To my mind, something deeper is going on. This company had a “month from Hell” in more than one sense. It could be said that all of their months are from hell. And they aren’t likely much different from any of the other giant banks–or, for that matter, from corporations in general. Wells Fargo and most of the rest of the corporate world can be seen as a manifestation or reflection of Hell on earth. They are bloated monsters sucking the lifeblood out of their workers while relentlessly pursuing “Mammon” unmoored from any of the ethical restraints that in past generations might have been provided by Christian teachings (or at least the public shame that could be leveled by gross violations of the same).

My point is not to wax nostalgic for the bankers of old–their yachts were just as surely fueled by greed and ruthlessness. But, by and large, a social compact existed that has since been eroded and killed by a banally evil corporate culture that now pervades all of our economy. Little concern remains for quality in craftsmanship of products, or honesty and integrity in delivering of services–These seem to be given no more than lip service. There is no reputation worth preserving if trashing it will eke out a slightly higher profit margin in the short run.

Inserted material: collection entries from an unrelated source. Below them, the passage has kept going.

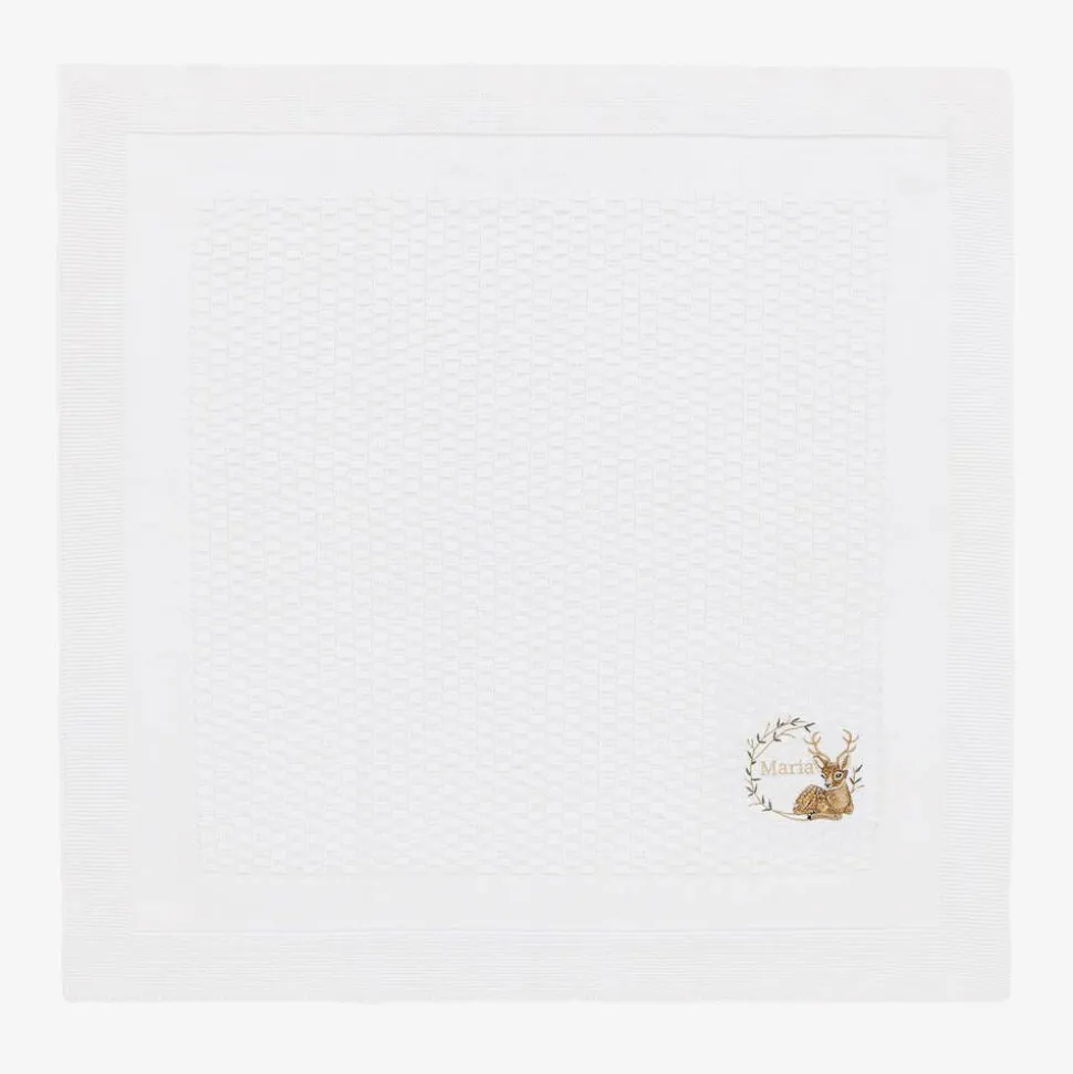 White Cotton Personalised Reindeer Blanket (88cm)
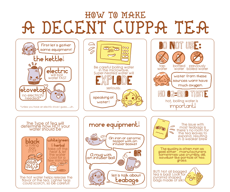 Below is a charming guide via whatpeoplebrew.tumblr.com, a blog in which the owner pairs different tea with different characters from pop culture. For example she pairs Bilbo Baggins from the Hobbit with Irish breakfast tea  and Moriarty from Sherlock with Chai Tea. Fandoms aside, this fantastic guide is a wonderful source that goes through the numerous ways you can make a good “cuppa tea”:
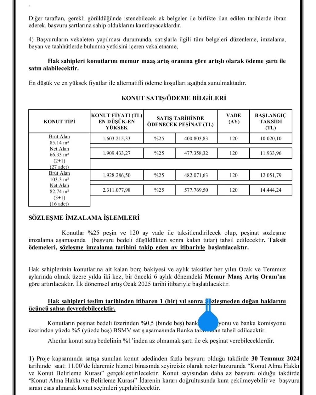 Başvuruların ardından, 30 Temmuz’da yapılacak kura sonrası asıl hak sahipleri, 5-6 Ağustos 2024 tarihlerinde ise sözleşme imzalayacak.
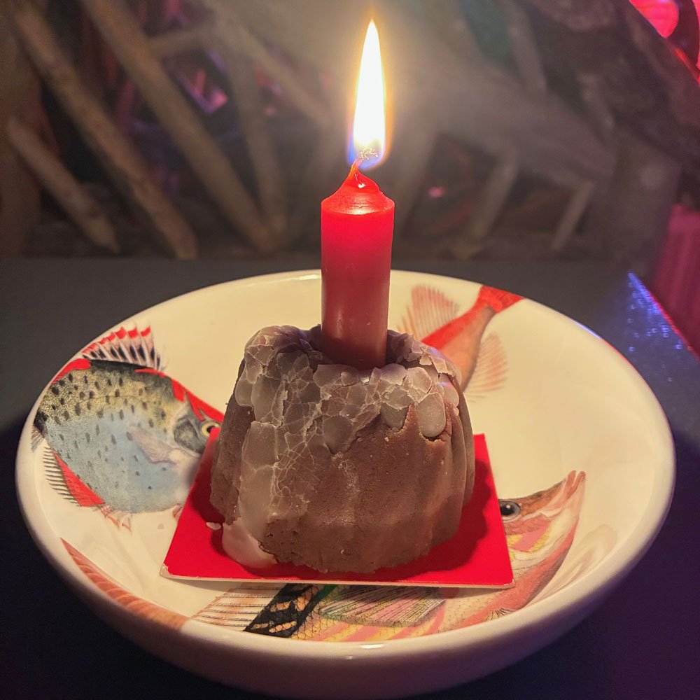 Darunter der kleinste Kuchen den es gibt um schonmal die richtige Richtung einzuschlagen
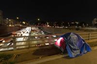 FILE -In this photo illuminated by an off-camera flash, a tarp covers a portion of a homeless person's tent on a bridge overlooking the 101 Freeway in Los Angeles, Thursday, Feb. 2, 2023. The number of homeless residents counted in Los Angeles County spiked again, increasing by 9% since last year in the latest marker of how deep the crisis is of people sleeping in cars, encampments or shelters in California. (AP Photo/Jae C. Hong, File)
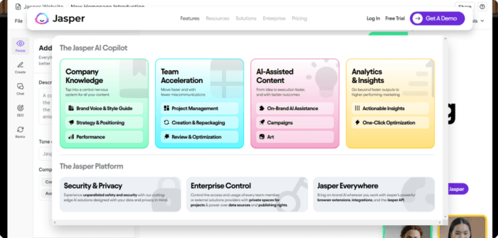 Jasper AI is an AI copilot for enterprise marketing teams. It started as a tool for content generation, but now it includes analytics, project and team management tools, content optimization, art creation, and many more.
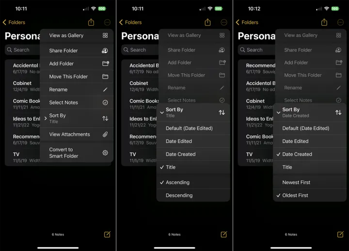 您可以更改文件夹中便笺的排序方式。打开文件夹,点击省略号图标,然后选择排序依据选项。默认情况下,所有便笺都按上次编辑的日期排序,但您可以改为按创建日期或标题排序,并进一步按最旧到最新或最新到最旧(或按A-Z或Z-A,如果按标题排序)进行排序。

Smaller firms have been merged and swallowed into an oligarchy of megacorporations. The average worker has seen stagnating wages for much of the last decades, while executive pay has skyrocketed into the stratosphere. For the masses, this means ruin. The noble idea of “the career” has been supplanted by menial and dreadful jobs serving the whims of corporate empires. Surveys indicate that 70 percent of people dislike their jobs. Most of those not fortunate enough to be independently wealthy will have to spend the majority of waking life in the “pressure cooker”–subjected to perverse incentives and demeaning treatment. (The main alternative, I should hasten to add, is the equally demeaning manifestation of hell on earth known as “government bureaucracy”–a worthy topic in its own right).

Carmine Gallo in Forbes magazine opines that people would be happier at work if they were treated better and had a sense that what they are doing is meaningful: The trouble is nobody is inspired to get up Monday morning because their job offers free soda in the vending machine. People want to be inspired. They want to work toward a higher purpose and feel good about themselves and their leader. It requires better communication, not more perks.

We agree. It would be naive to expect a company to provide Heaven on earth, but there could be some steps taken in a better direction.